Он облокотился на перила и стал смотреть на лужайку.
— Знаешь, что меня мучает? Мысль, что я никогда по-настоящему не понимал свою жену. А вот теперь я ее понимаю, но, увы, слишком поздно.
Я знаю, каково чувствовать себя беспомощным. Я-то и раньше думал, что знаю, но, оказывается, тогда я лишь скользил по поверхности. Помню, она мне говорила, что больше не чувствует солнечный свет, даже когда стоит на солнце, даже когда оно припекает ее лицо. — Ника удивило, что он способен так легко говорить о своей жене. Он впервые вспоминал саму Кэти, а не ее болезнь, не постепенное разрушение их брака, а его Кэти, девушку с сияющими глазами и большим сердцем, в которую он влюбился.
— Она больше не могла жить в темноте…
Ник повернулся к Энни и увидел, что она плачет. Ему стало неловко, он почувствовал себя человеком, утонувшим в собственной скорби.
— Извини, я не хотел тебя расстраивать.
Энни подняла на него глаза:
— Что ж, тебе повезло…
— Мне?
— Ты любил Кэти… Что бы с ней ни происходило, как бы она себя ни чувствовала, она знала, что ты ее любишь. — Энни понизила голос до шепота. — Немногим довелось встретить такую любовь.
Ник решился на рискованный вопрос. Он шагнул к Энни:
— А ты, Энни? Ты знала такую любовь?
Энни молчала, задумавшись, а потом ответила:
— Нет. Я любила так, но чтобы меня любили… Нет, не думаю.
— Ты заслуживаешь лучшего.
Они кивнула и быстрым движением руки смахнула слезы.
— Все мы заслуживаем, Ник.
Повисло неловкое молчание.
— Энни…
Она повернулась к Нику:
— Да?
— Может быть, ты придешь завтра? Проведешь с нами день?
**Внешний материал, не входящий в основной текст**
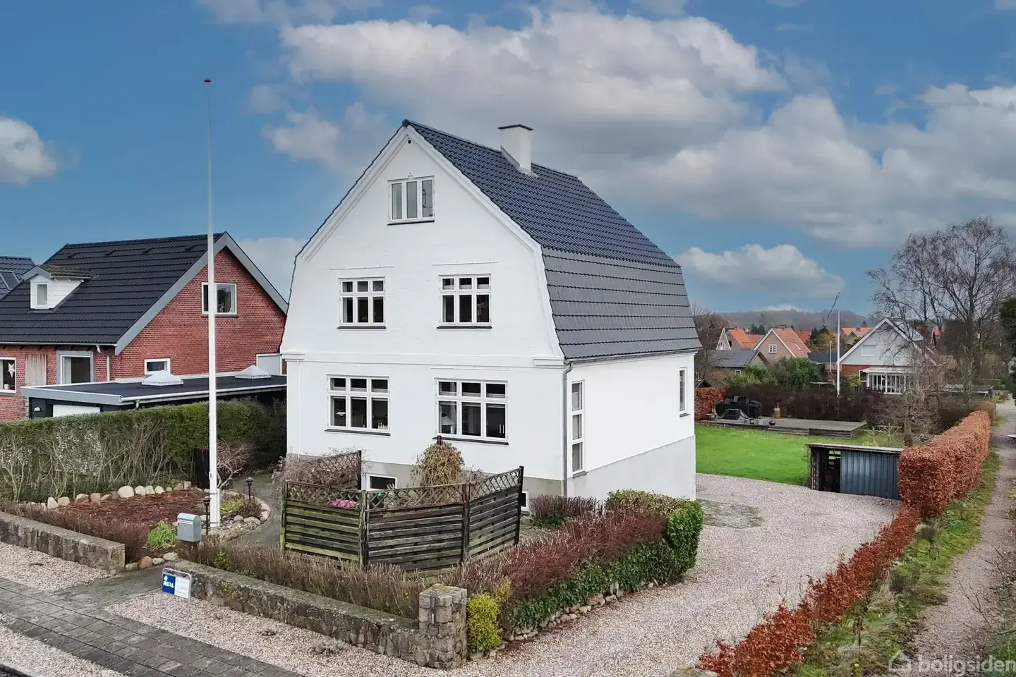Denne charmerende ejendom fra 1935 står utroligt velholdt og gennemført, og det mærkes straks, når man træder indenfor. Her får du et hjem, hvor alle de store poster allerede er taget – inklusiv tag og vinduer – og hvor løbende opdateringer har gjort huset både tidssvarende og enormt indbydende. Det tidligere liv som to-families ejendom betyder, at man får en sjældent god rumfordeling og masser af plads at brede sig på. Stueplan rummer et køkken-alrum med god funktionalitet og plads til hverdagen, mens to sammenhængende stuer skaber et elegant og hyggeligt opholdsrum. Selve køkkenet er ikke lyst, men huset kompenserer i dén grad med et fantastisk lysindfald i både stuer og værelser, hvilket giver en helt særlig varme. Et ekstra værelse og et pænt badeværelse fuldender etagen på praktisk vis. Når man bevæger sig op ad den sindssygt flotte trappe – et af husets helt store æstetiske højdepunkter – åbner 1. salen sig med tre rigtig gode værelser, der alle fremstår både velholdte og lette at indrette. Øverst oppe ligger 2. salen, som i dag er indrettet som et ekstra værelse. Rummet er imponerende flot og tilfører huset en ekstra dimension af charme og karakter. Kælderen på hele 83 m² byder på flere disponible rum, hvor en del ligger i åbent terræn og derfor fremstår mere brugbar og imødekommende end en traditionel kælder. Her får du oplagte muligheder for hobbyrum, opbevaring eller kreativ indretning. Alt sammen ligger det i et dejligt og roligt område tæt på skole, smuk natur og Haderslevs hyggelige gågade. Det er et hjem, hvor sjæl, velholdte detaljer og flotte håndværksmæssige løsninger går op i en højere enhed – og et sted, hvor man med det samme kan mærke, at der er blevet passet godt på tingene.

— С удовольствием, — быстро ответила она и отвела взгляд.
— Спасибо!
Он вложил в свой голос всю еще оставшуюся в нем нежность. Его голос прозвучал почти так же нежно, как поцелуй.
— Пожалуйста, Ники. — Снова возникла неловкая пауза, потом Энни сказала: — Чтобы ты знал: пока тебя не было, Иззи заговорила.
Ник удивленно поднял брови:
— Со мной она не говорила.
Энни дотронулась до его руки в мимолетной ласке.
— Заговорит, дай ей время.
Не в силах встретиться взглядом с Энни, Ник отвернулся. Энни нервно переступила с ноги на ногу.
— Ну, мне пора домой.
— До завтра.
Она кивнула, торопливо прошла мимо него, взмах нула рукой в прощальном жесте, села в «мустанг» и уехала.
Ник смотрел, как удаляются в темноте два красных огонька ее фар, на повороте огоньки скрылись из виду. Он нехотя вернулся в дом и поднялся на второй этаж, перед дверью в комнату Иззи он помедлил, потом постучал.